**Work order**:
Everything except the pictures should be printed exactly as it appears in the records.

------------------------------

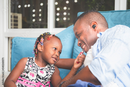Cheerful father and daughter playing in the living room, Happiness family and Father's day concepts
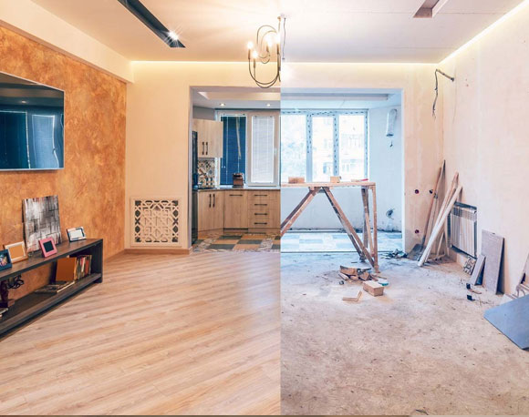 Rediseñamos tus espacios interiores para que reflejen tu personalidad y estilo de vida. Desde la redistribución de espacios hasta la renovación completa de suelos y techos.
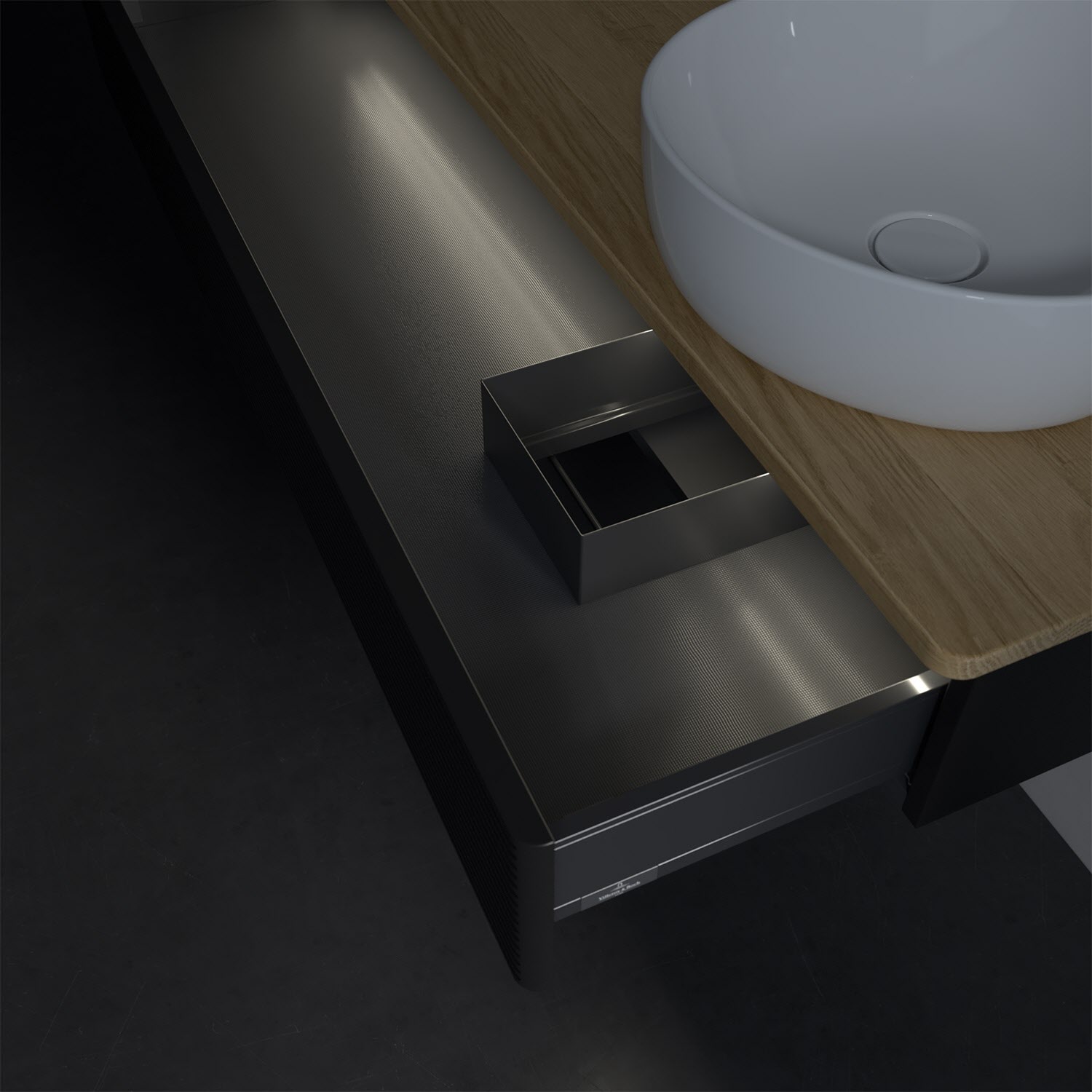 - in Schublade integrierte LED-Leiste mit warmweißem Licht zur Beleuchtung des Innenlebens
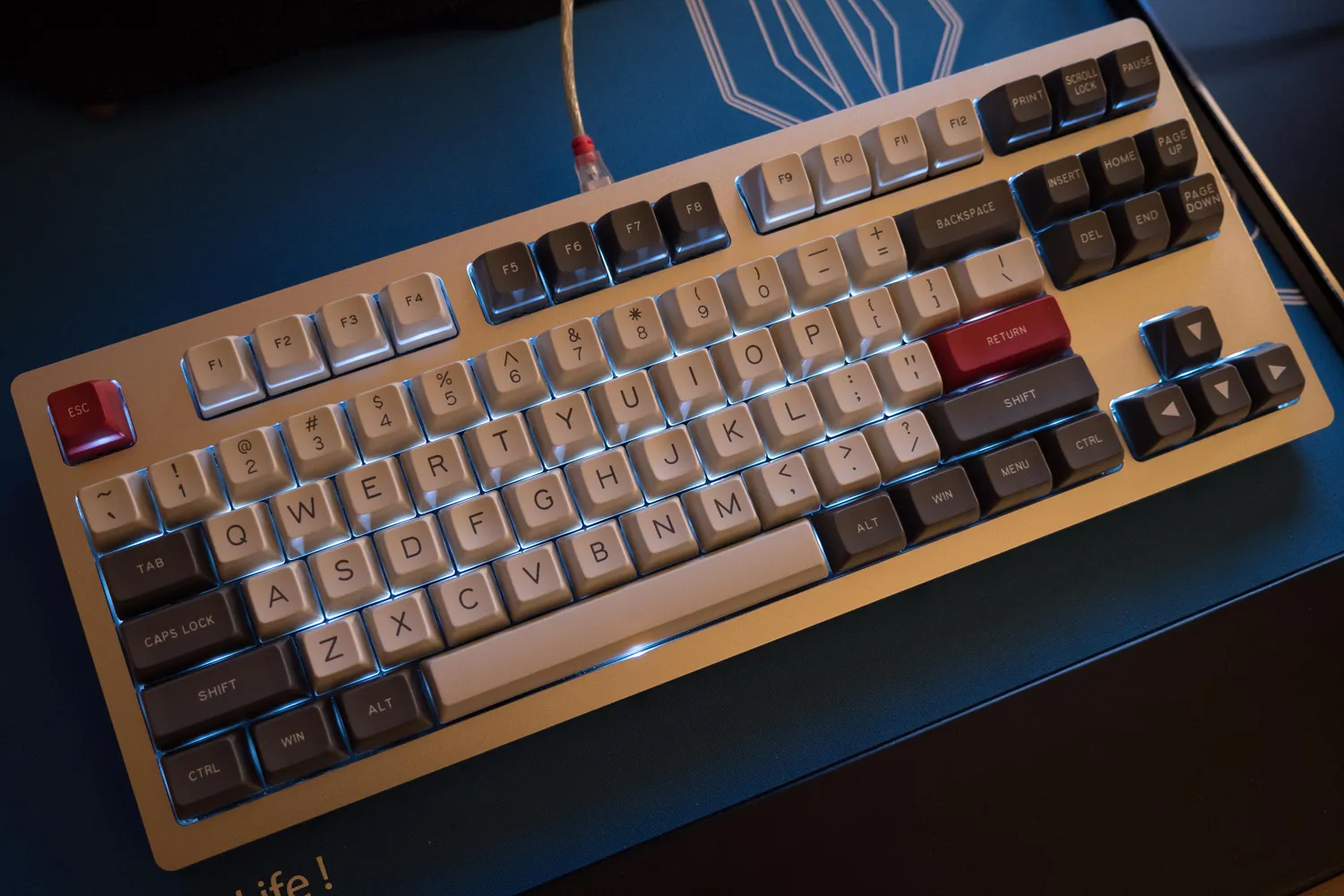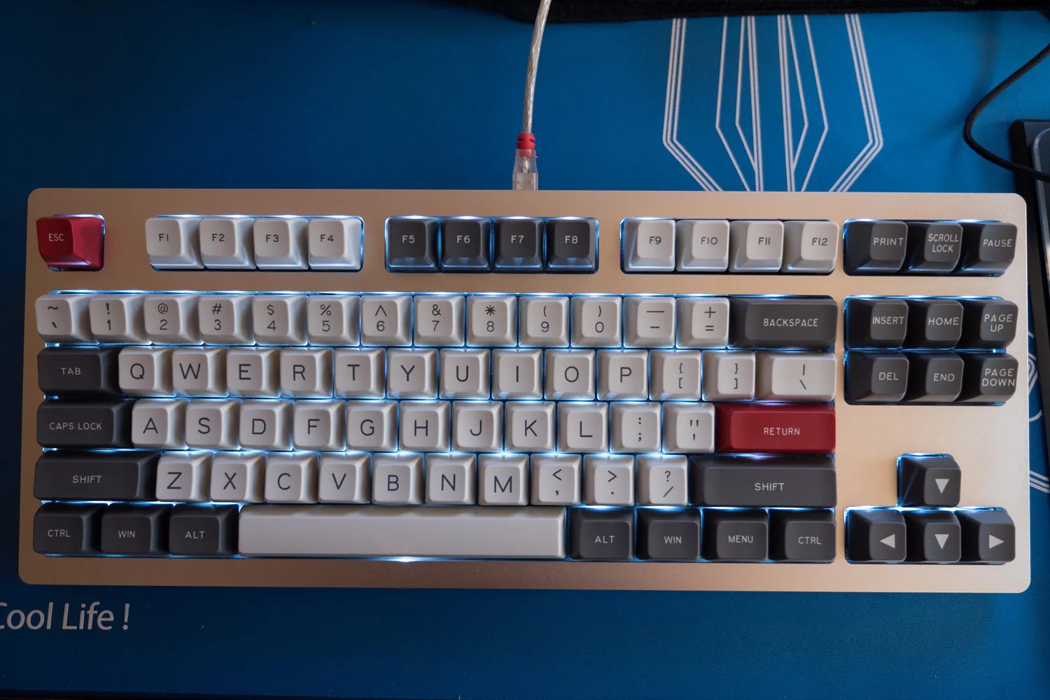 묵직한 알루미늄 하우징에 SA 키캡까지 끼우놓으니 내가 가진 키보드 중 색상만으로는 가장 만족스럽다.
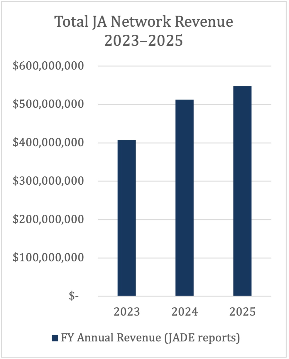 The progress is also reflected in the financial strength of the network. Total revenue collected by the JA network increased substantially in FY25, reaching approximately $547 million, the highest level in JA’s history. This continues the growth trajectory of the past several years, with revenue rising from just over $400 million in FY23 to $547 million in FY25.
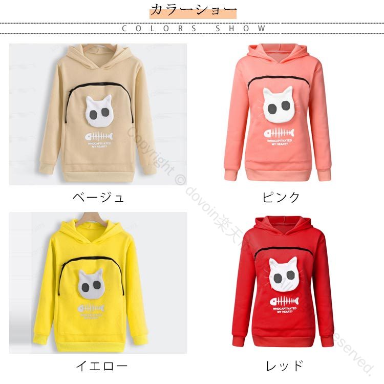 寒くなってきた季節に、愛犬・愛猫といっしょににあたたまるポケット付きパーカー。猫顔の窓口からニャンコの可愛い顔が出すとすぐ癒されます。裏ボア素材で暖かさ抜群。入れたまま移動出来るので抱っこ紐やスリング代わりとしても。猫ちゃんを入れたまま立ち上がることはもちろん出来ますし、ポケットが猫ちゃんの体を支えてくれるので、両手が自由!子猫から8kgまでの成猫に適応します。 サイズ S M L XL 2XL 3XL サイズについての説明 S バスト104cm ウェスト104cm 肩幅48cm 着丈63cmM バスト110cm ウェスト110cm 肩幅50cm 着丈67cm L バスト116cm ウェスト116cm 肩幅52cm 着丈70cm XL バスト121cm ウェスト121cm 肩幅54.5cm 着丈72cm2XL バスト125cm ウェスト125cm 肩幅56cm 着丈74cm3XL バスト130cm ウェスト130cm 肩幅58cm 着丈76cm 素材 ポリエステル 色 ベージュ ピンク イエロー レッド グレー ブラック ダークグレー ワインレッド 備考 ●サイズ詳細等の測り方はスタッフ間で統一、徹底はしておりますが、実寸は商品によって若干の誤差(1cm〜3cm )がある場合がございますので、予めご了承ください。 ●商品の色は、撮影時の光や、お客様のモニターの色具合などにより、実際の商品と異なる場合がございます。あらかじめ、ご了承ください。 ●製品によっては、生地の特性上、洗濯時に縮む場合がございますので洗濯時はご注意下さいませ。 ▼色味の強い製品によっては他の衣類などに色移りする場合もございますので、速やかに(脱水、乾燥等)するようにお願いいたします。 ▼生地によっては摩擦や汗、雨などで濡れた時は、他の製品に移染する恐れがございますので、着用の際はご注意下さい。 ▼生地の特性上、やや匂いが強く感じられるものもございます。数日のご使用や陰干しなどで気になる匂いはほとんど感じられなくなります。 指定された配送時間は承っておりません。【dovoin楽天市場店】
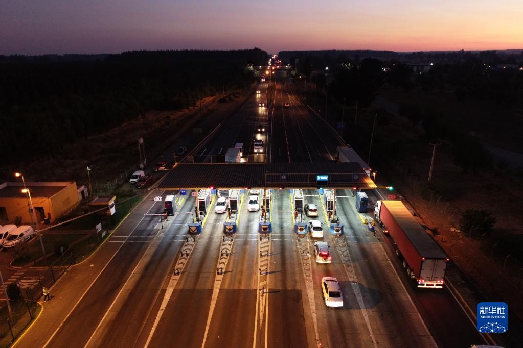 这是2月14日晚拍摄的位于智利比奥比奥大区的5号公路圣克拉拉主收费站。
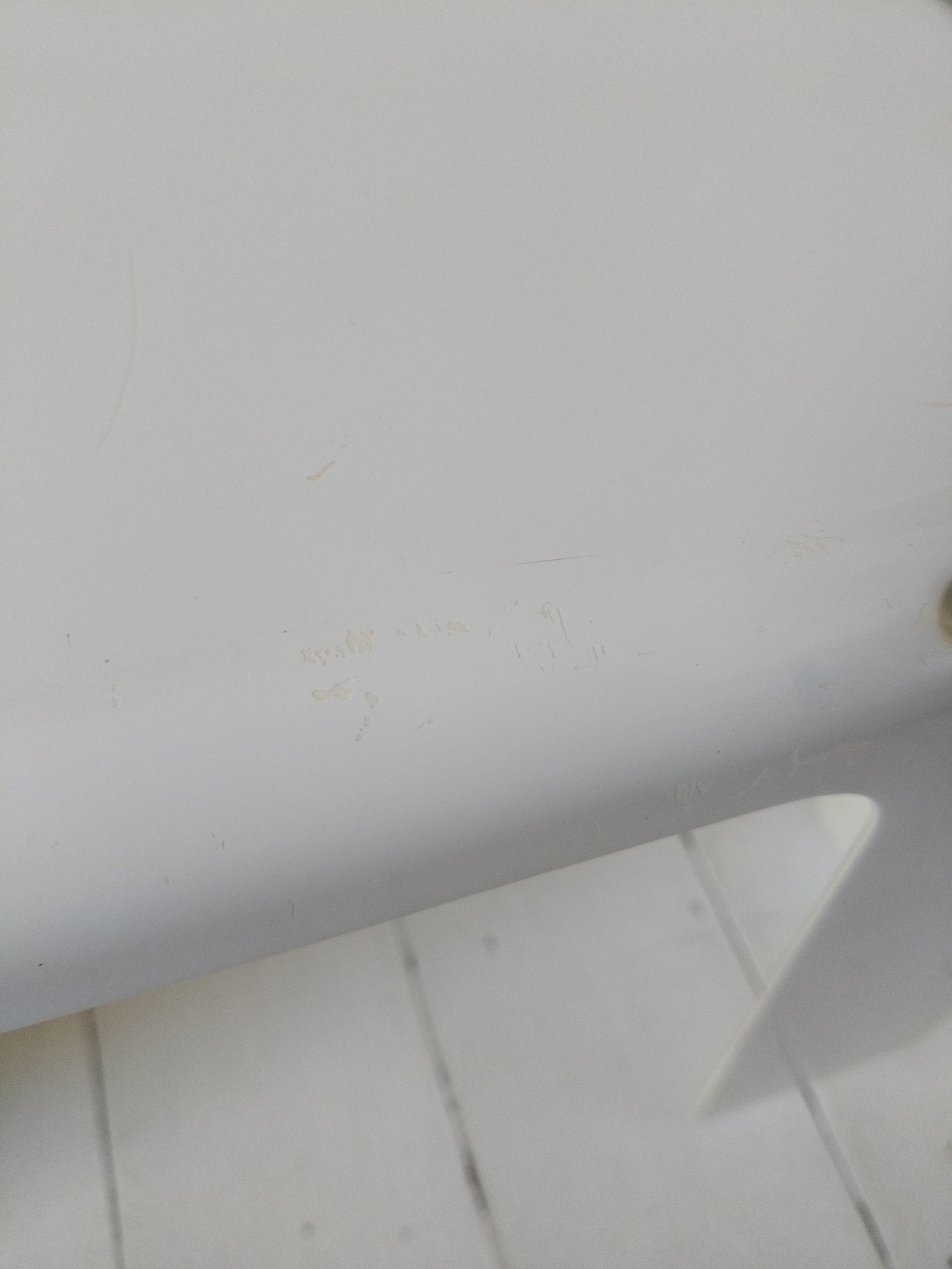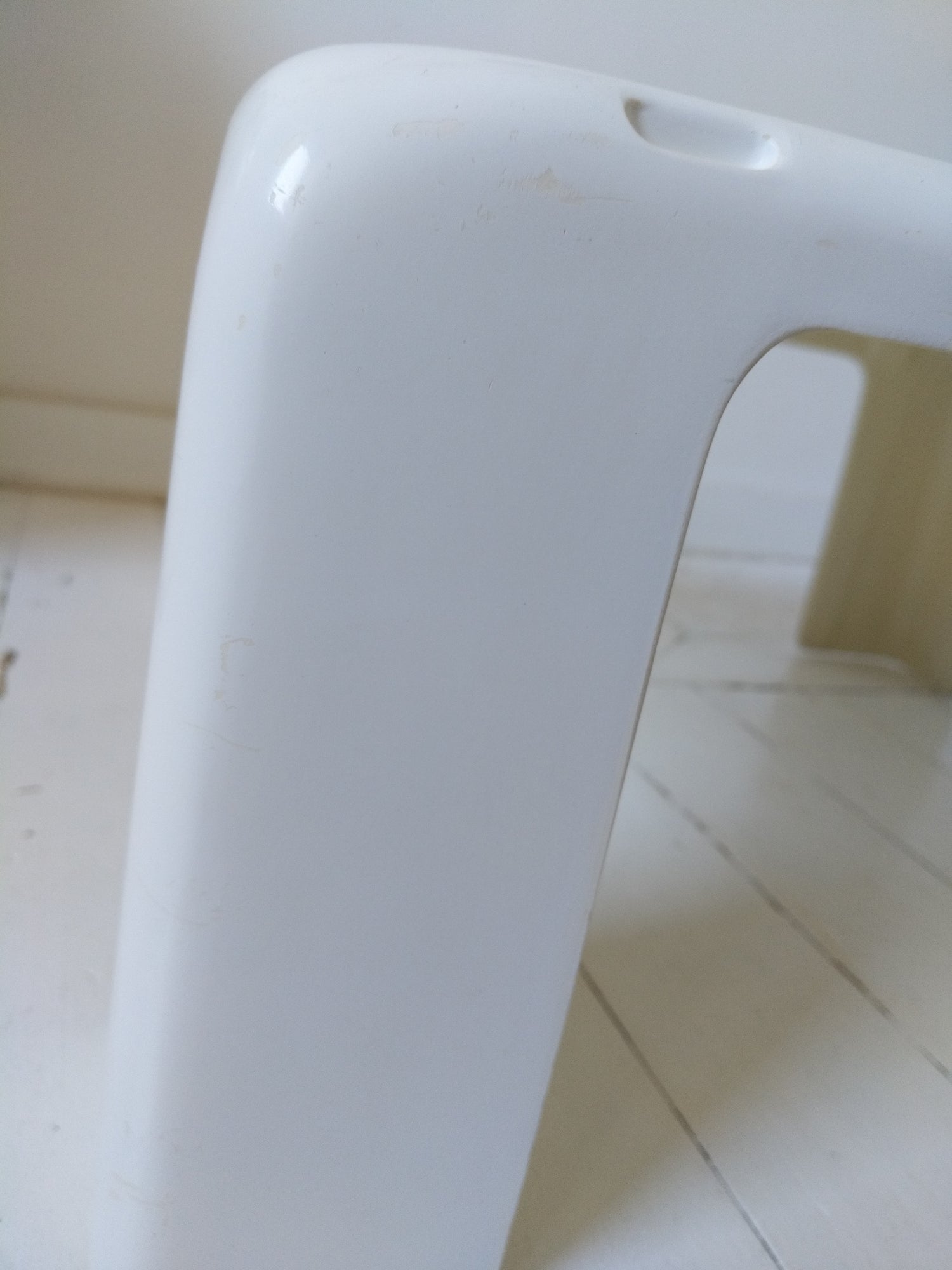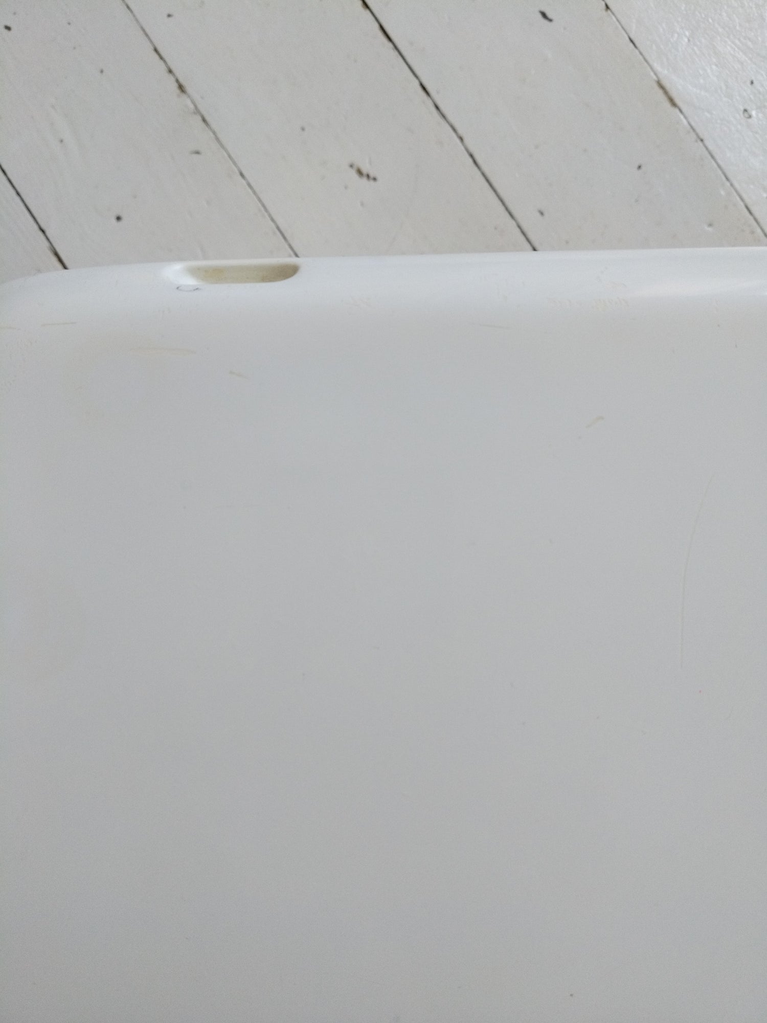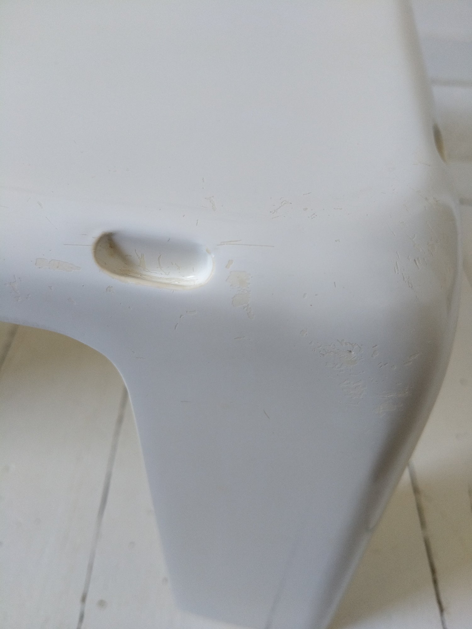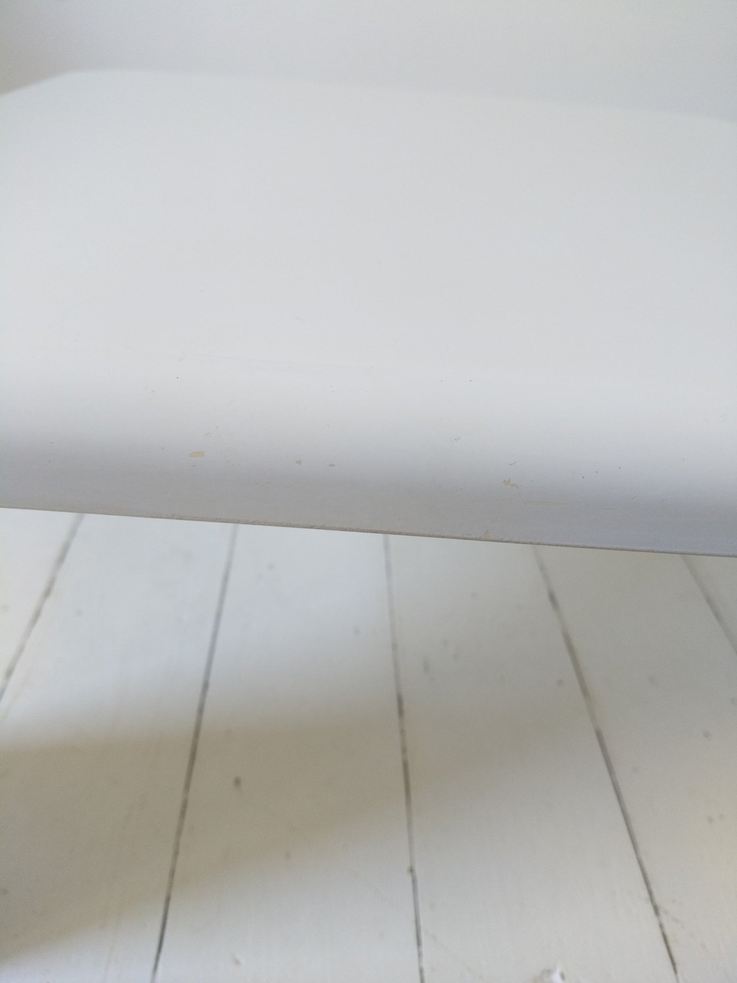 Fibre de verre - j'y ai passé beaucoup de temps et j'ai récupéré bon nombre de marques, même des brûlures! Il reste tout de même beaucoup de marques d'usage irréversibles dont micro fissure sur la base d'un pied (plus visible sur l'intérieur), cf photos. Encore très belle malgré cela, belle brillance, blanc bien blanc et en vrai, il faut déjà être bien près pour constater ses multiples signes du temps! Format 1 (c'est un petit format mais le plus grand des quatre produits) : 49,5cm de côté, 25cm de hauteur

------------------------------

**Solution to this problem**:
Cheerful father and daughter playing in the living room, Happiness family and Father's day concepts
 Rediseñamos tus espacios interiores para que reflejen tu personalidad y estilo de vida. Desde la redistribución de espacios hasta la renovación completa de suelos y techos.
 - in Schublade integrierte LED-Leiste mit warmweißem Licht zur Beleuchtung des Innenlebens
 묵직한 알루미늄 하우징에 SA 키캡까지 끼우놓으니 내가 가진 키보드 중 색상만으로는 가장 만족스럽다.
 The progress is also reflected in the financial strength of the network. Total revenue collected by the JA network increased substantially in FY25, reaching approximately $547 million, the highest level in JA’s history. This continues the growth trajectory of the past several years, with revenue rising from just over $400 million in FY23 to $547 million in FY25.
 寒くなってきた季節に、愛犬・愛猫といっしょににあたたまるポケット付きパーカー。猫顔の窓口からニャンコの可愛い顔が出すとすぐ癒されます。裏ボア素材で暖かさ抜群。入れたまま移動出来るので抱っこ紐やスリング代わりとしても。猫ちゃんを入れたまま立ち上がることはもちろん出来ますし、ポケットが猫ちゃんの体を支えてくれるので、両手が自由!子猫から8kgまでの成猫に適応します。 サイズ S M L XL 2XL 3XL サイズについての説明 S バスト104cm ウェスト104cm 肩幅48cm 着丈63cmM バスト110cm ウェスト110cm 肩幅50cm 着丈67cm L バスト116cm ウェスト116cm 肩幅52cm 着丈70cm XL バスト121cm ウェスト121cm 肩幅54.5cm 着丈72cm2XL バスト125cm ウェスト125cm 肩幅56cm 着丈74cm3XL バスト130cm ウェスト130cm 肩幅58cm 着丈76cm 素材 ポリエステル 色 ベージュ ピンク イエロー レッド グレー ブラック ダークグレー ワインレッド 備考 ●サイズ詳細等の測り方はスタッフ間で統一、徹底はしておりますが、実寸は商品によって若干の誤差(1cm〜3cm )がある場合がございますので、予めご了承ください。 ●商品の色は、撮影時の光や、お客様のモニターの色具合などにより、実際の商品と異なる場合がございます。あらかじめ、ご了承ください。 ●製品によっては、生地の特性上、洗濯時に縮む場合がございますので洗濯時はご注意下さいませ。 ▼色味の強い製品によっては他の衣類などに色移りする場合もございますので、速やかに(脱水、乾燥等)するようにお願いいたします。 ▼生地によっては摩擦や汗、雨などで濡れた時は、他の製品に移染する恐れがございますので、着用の際はご注意下さい。 ▼生地の特性上、やや匂いが強く感じられるものもございます。数日のご使用や陰干しなどで気になる匂いはほとんど感じられなくなります。 指定された配送時間は承っておりません。【dovoin楽天市場店】
 这是2月14日晚拍摄的位于智利比奥比奥大区的5号公路圣克拉拉主收费站。
 Fibre de verre - j'y ai passé beaucoup de temps et j'ai récupéré bon nombre de marques, même des brûlures! Il reste tout de même beaucoup de marques d'usage irréversibles dont micro fissure sur la base d'un pied (plus visible sur l'intérieur), cf photos. Encore très belle malgré cela, belle brillance, blanc bien blanc et en vrai, il faut déjà être bien près pour constater ses multiples signes du temps! Format 1 (c'est un petit format mais le plus grand des quatre produits) : 49,5cm de côté, 25cm de hauteur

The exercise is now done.